Currently, I’m planning on spending the next two months getting strong and mobile AF.  I’m going to have a surgery scheduled for mid-February – the next convenient time for me, for school, and for my family – and will make a decision closer to that date.  If anything, I’ll be stronger and fitter going into the operation than I am now, and that will lead to a better outcome. But, best-case scenario, I might be able to avoid going under the knife (the scope?  the surgery magic wand?).  Either way, I spend all day preaching about the power of strength and mobility to my classmates, my patients, my mom, etc – I should probably give it a chance for myself.

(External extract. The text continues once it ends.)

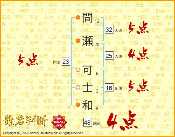 間(12画)瀬(20画) 可(5画)士(3画)和(8画)

Here are some of the resources I plan to use to kick my legs into beast mode:

-Dr. John Rusin’s Functional Hypertrophy Training

-Chris Johnson (obviously) and all of his videos as

-My good friend and strength and conditioning specialist Erika Sperl at FiveToolFitness

MobilityWOD (….obviously)

The Run Experience (Mobility and running form)

Though it didn’t come easily, I have a ton of experience that led to this decision – not only have I already had TWO of these surgeries (which means I know exactly what I’d be about to get into), but I’m a future clinician, so my decision is evidence-based as well.  Overall, I’m happy with my choice, and can’t wait to spend this holiday season killing it in the gym!

Special shoutouts:

-My surgeon, Dr. Richard Mather, for doing a kickass surgery and for actually being a nice person to talk to while making these decisions (shoutout to the resident too!)


-My physical therapists, Mijo Cotic and Brian Diaz at ActivEdge Fitness and Sports Performance, for treating me like a friend and spending a lot of time troubleshooting with me.  Y’all are the reason I can do everything I’m doing!


-Dr. Reiman for being cool and indirectly helping with my clinical decision making, both through his FAI research and our MSK class!